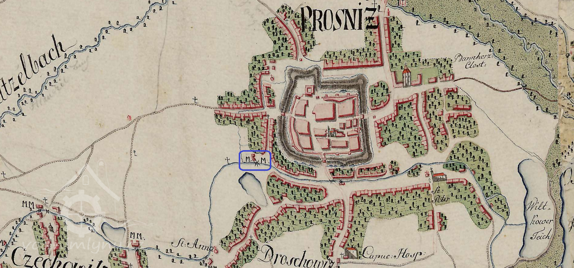 Největším mlýnem v Prostějově byl koncem 16. stol. horní mlýn, z něhož plynuly nejvyšší příjmy, které ročně činily 165 zl. 19 gr. ½ d
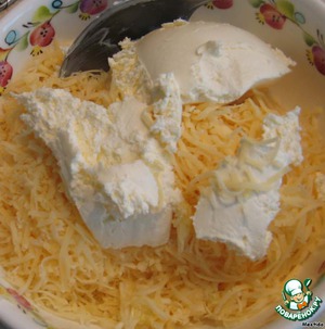 смешиваем тертый "Российский" сыр, сливочный(творожный) Almette, измельченный чеснок -
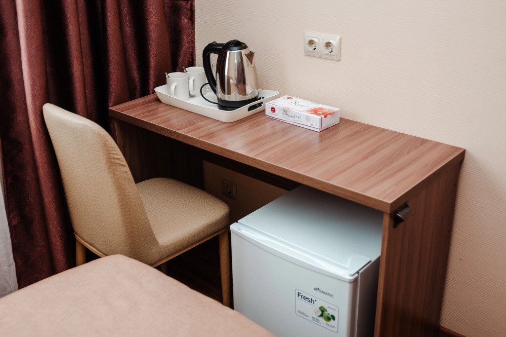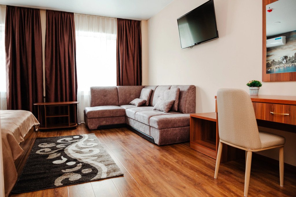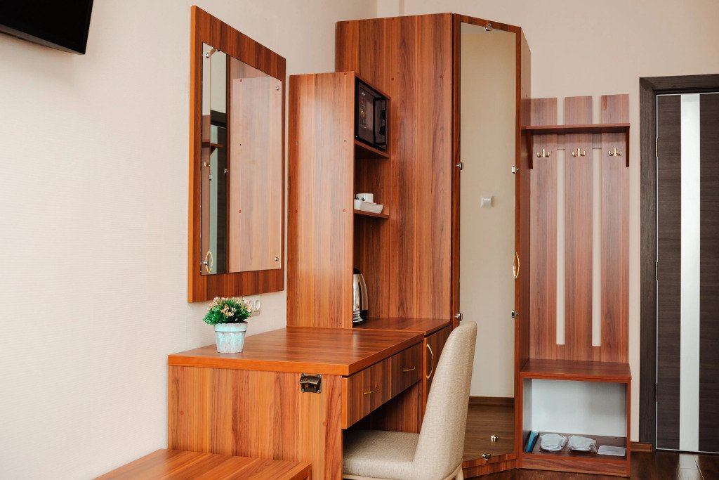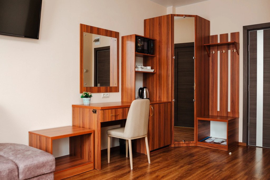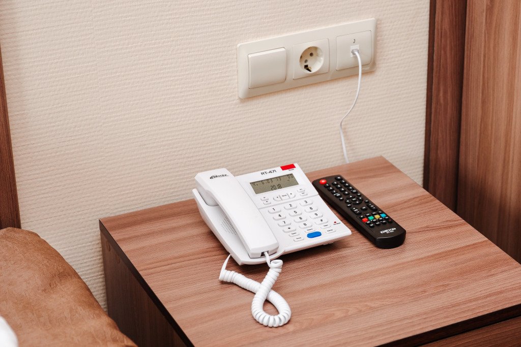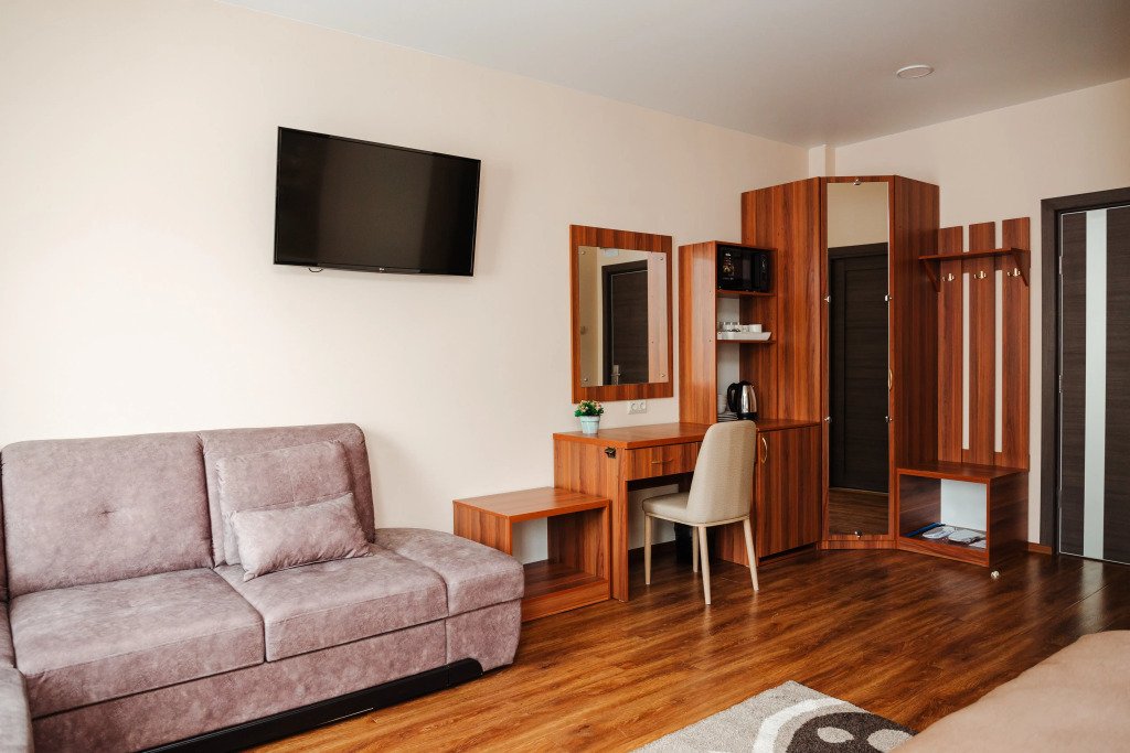 В номере вы найдёте телевизор. Оснащение зависит от выбранной категории номера.
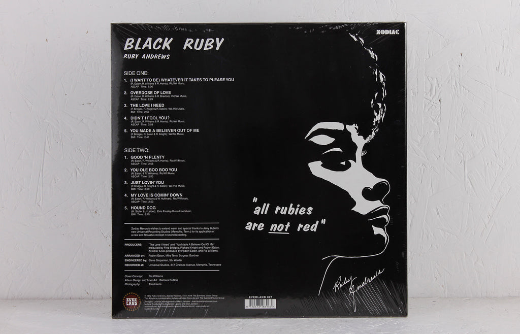 Everland re-issue of Ruby Andrews' rare soul-funk classic 'Black Ruby' from 1972.
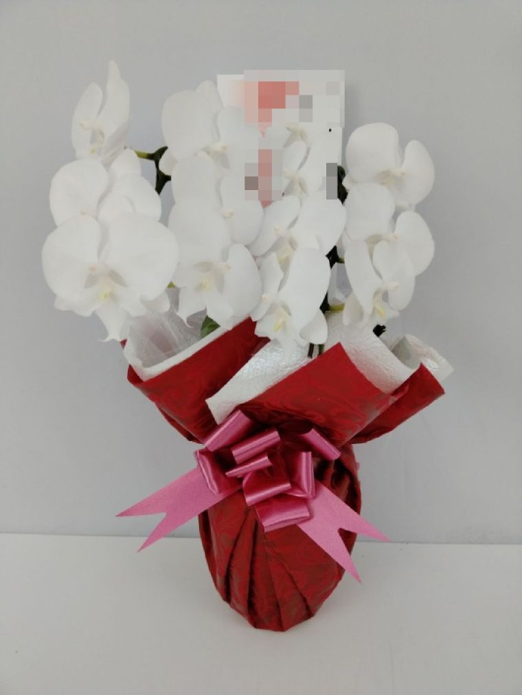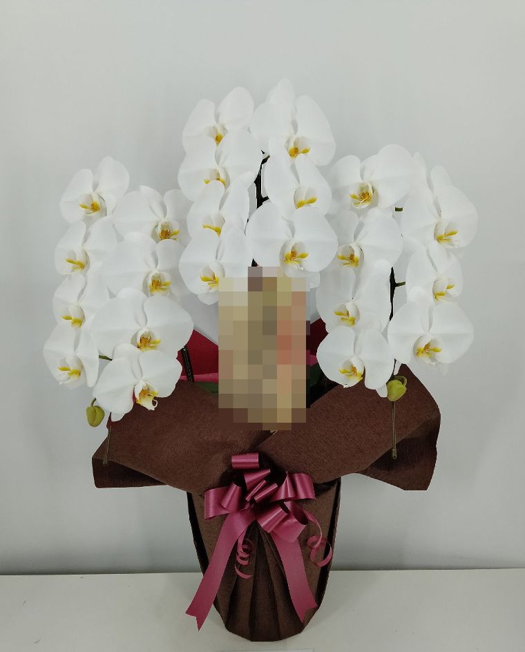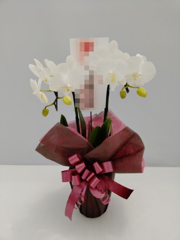 胡蝶蘭の実際にお届けした写真です。花秘書では発送前に写真をメールで送信致しますので安心して大切な顧客や取引様へのギフトにご利用頂けます。
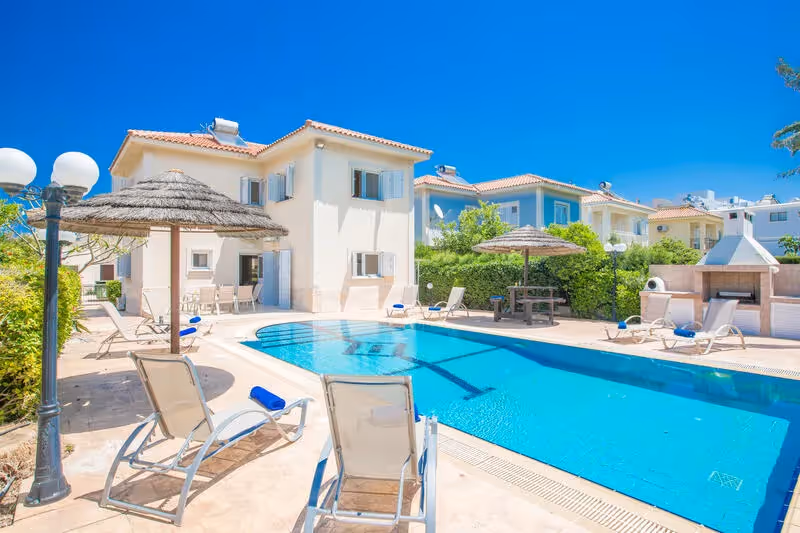 Villa Margaritta in Coral bay, Cyprus. This villa couldn't be better situated, It's on the outskirts of the town so quieter than some. It is literally across the road, through the taverna car park and fall on the beach! It was ideal. Layout is spacious, and we did heat the pool and hottub. One small issue which was rectified and sorted within 2 hours, so can't fault the staff. The only downside I can find was the small ants that fell into the pool and stung for a while. Poolman sorted that too!
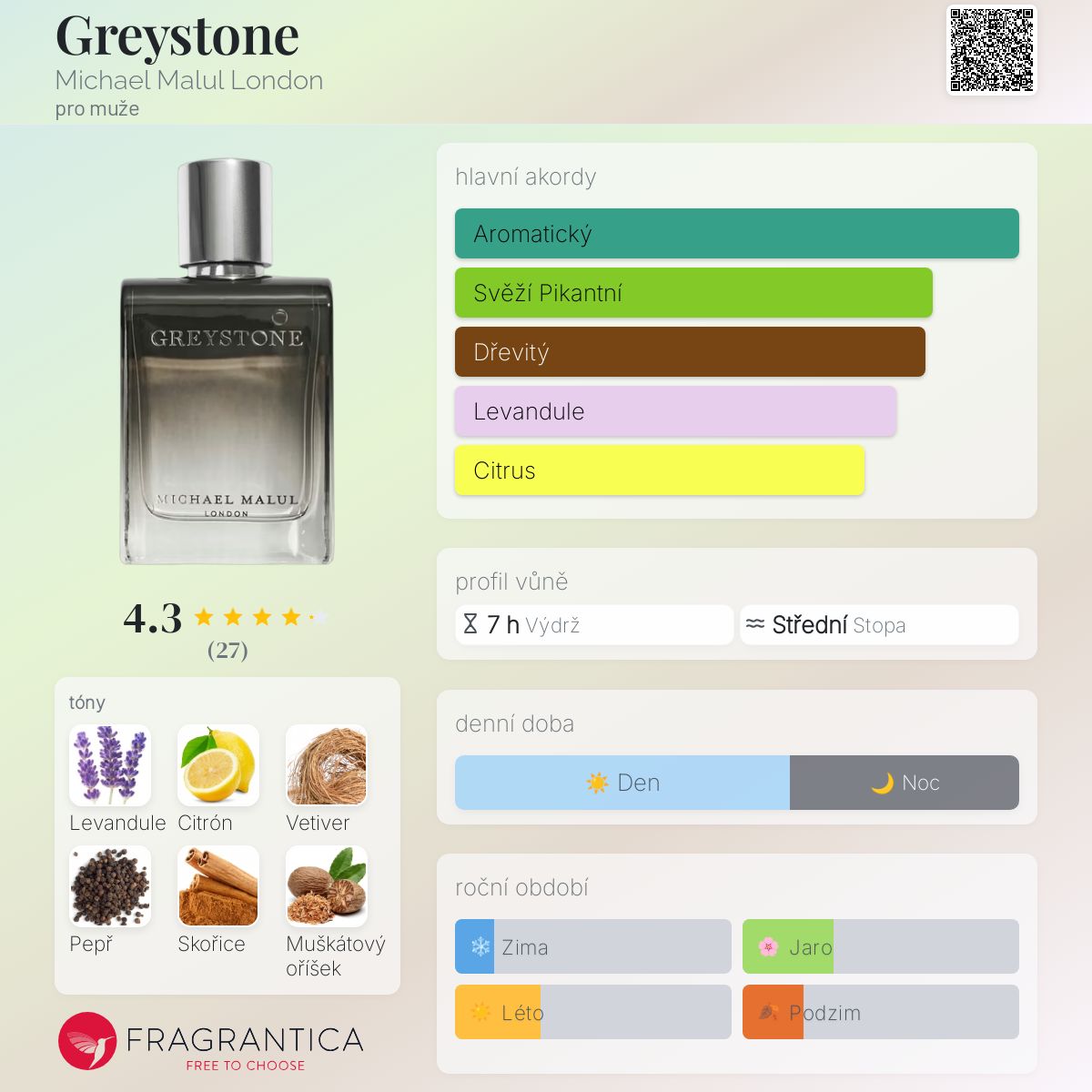 Greystone podle Michael Malul London je vůně pro muže. Greystone byl/a uveden/a v roce 2022. Vrchní tóny jsou Italský citrón, Černý pepř a Skořice; střední tóny jsouLevandule, Muškátový oříšek a Elimi ; základní tóny jsou Haitský vetiver, Borovice a Santalové dřevo.
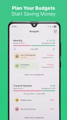 Planning your budget has never been easier. This app allows you to create monthly, annual, or custom budgets tailored to your specific needs. You can set flexible limits for shared expenses or specific categories, ensuring you stay on track. Whether you need a recurring budget or a special budget for an event or trip, this tool has you covered.
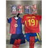 6 NEW 'LAMINE YAMAL' #19 BARCELONA SOCCER UNIFORMS, INCLUDES JERSEY, SHORTS AND SOCKS, 2 SIZE 20,
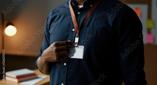 id, badge, lanyard, identification, work, office, security, african, american, male, holder, workspace, employee, name, tags, business, professional, workplace, uniform, shirt, supply, credentials, desk, identity, job, man, men at work, corporate, card, dark, blank, attire, environment, staff, member, document, setting, access, background, nameplate, lighting
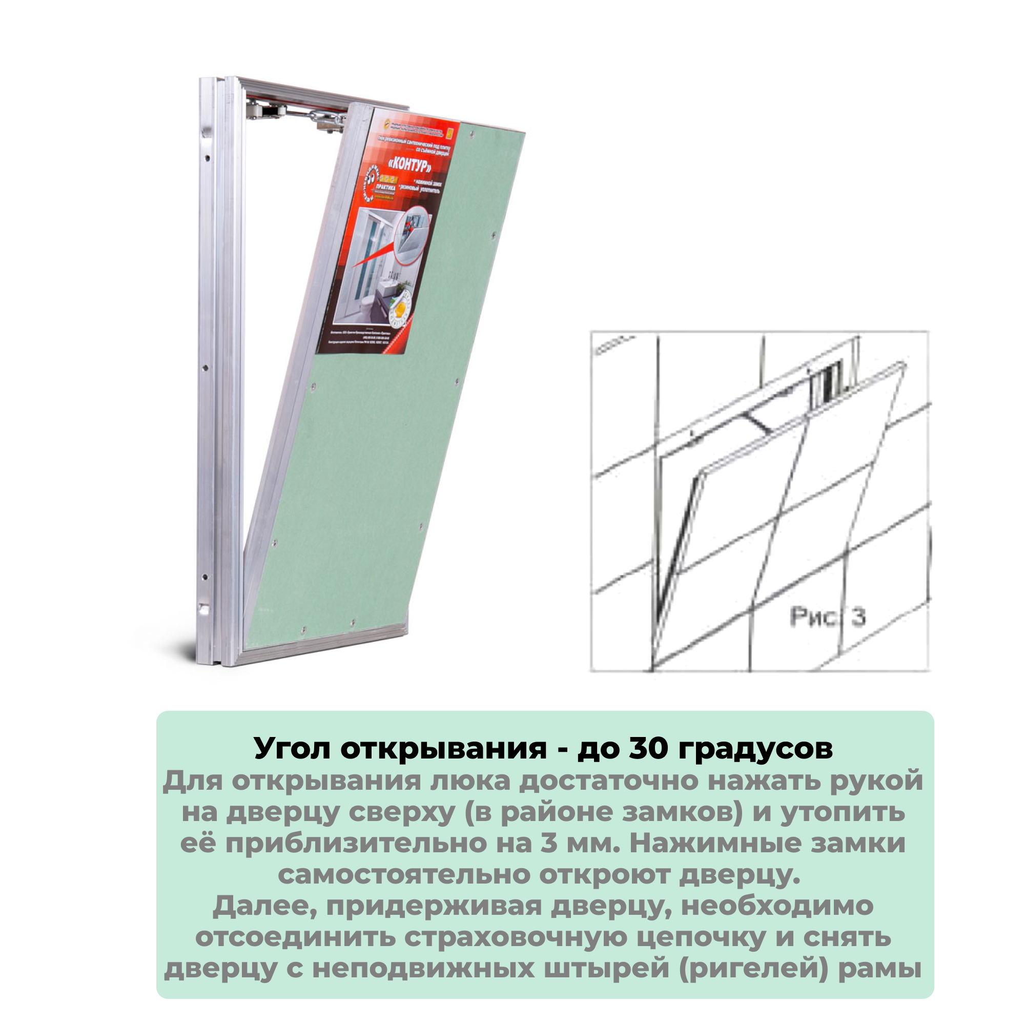 СохранитьЛюк «Контур» 30-50 (300х500 мм) под плитку и под покраску со съёмной дверцей на цепочке Практика интересное:
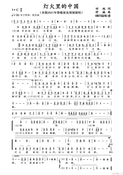 灯火里的中国简谱-张也,周深演唱-hntgq制作曲谱1
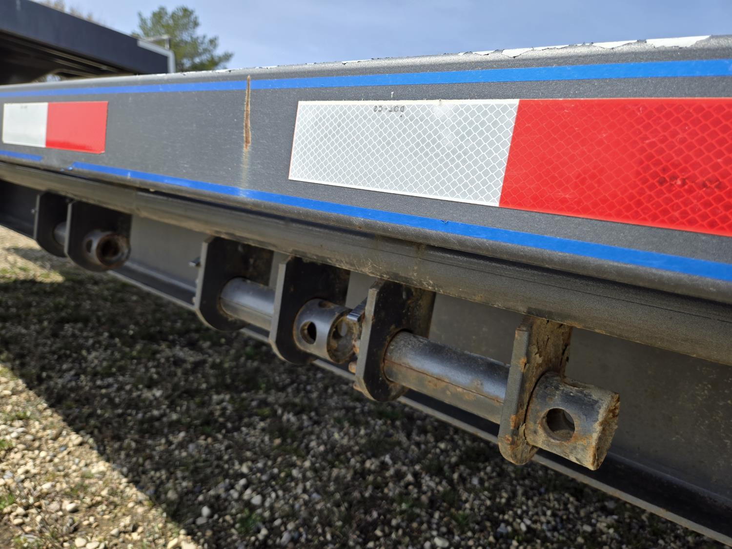 100 inch wide deck, wood deck, flip over ramps, electric brakes, torsion suspension, ball hitch, stake pockets, (4) sliding load winches, under deck storage box, 6' X 4' upper deck, dual jacks, rear bale rack, rear center pop up, 235/85R16 tires

### Exercise requirements:
Print the records above again exactly. Leave out the images.

### Completed exercise:
 Největším mlýnem v Prostějově byl koncem 16. stol. horní mlýn, z něhož plynuly nejvyšší příjmy, které ročně činily 165 zl. 19 gr. ½ d
 смешиваем тертый "Российский" сыр, сливочный(творожный) Almette, измельченный чеснок -
 В номере вы найдёте телевизор. Оснащение зависит от выбранной категории номера.
 Everland re-issue of Ruby Andrews' rare soul-funk classic 'Black Ruby' from 1972.
 胡蝶蘭の実際にお届けした写真です。花秘書では発送前に写真をメールで送信致しますので安心して大切な顧客や取引様へのギフトにご利用頂けます。
 Villa Margaritta in Coral bay, Cyprus. This villa couldn't be better situated, It's on the outskirts of the town so quieter than some. It is literally across the road, through the taverna car park and fall on the beach! It was ideal. Layout is spacious, and we did heat the pool and hottub. One small issue which was rectified and sorted within 2 hours, so can't fault the staff. The only downside I can find was the small ants that fell into the pool and stung for a while. Poolman sorted that too!
 Greystone podle Michael Malul London je vůně pro muže. Greystone byl/a uveden/a v roce 2022. Vrchní tóny jsou Italský citrón, Černý pepř a Skořice; střední tóny jsouLevandule, Muškátový oříšek a Elimi ; základní tóny jsou Haitský vetiver, Borovice a Santalové dřevo.
 Planning your budget has never been easier. This app allows you to create monthly, annual, or custom budgets tailored to your specific needs. You can set flexible limits for shared expenses or specific categories, ensuring you stay on track. Whether you need a recurring budget or a special budget for an event or trip, this tool has you covered.
 6 NEW 'LAMINE YAMAL' #19 BARCELONA SOCCER UNIFORMS, INCLUDES JERSEY, SHORTS AND SOCKS, 2 SIZE 20,
 id, badge, lanyard, identification, work, office, security, african, american, male, holder, workspace, employee, name, tags, business, professional, workplace, uniform, shirt, supply, credentials, desk, identity, job, man, men at work, corporate, card, dark, blank, attire, environment, staff, member, document, setting, access, background, nameplate, lighting
 СохранитьЛюк «Контур» 30-50 (300х500 мм) под плитку и под покраску со съёмной дверцей на цепочке Практика интересное:
 灯火里的中国简谱-张也,周深演唱-hntgq制作曲谱1
 100 inch wide deck, wood deck, flip over ramps, electric brakes, torsion suspension, ball hitch, stake pockets, (4) sliding load winches, under deck storage box, 6' X 4' upper deck, dual jacks, rear bale rack, rear center pop up, 235/85R16 tires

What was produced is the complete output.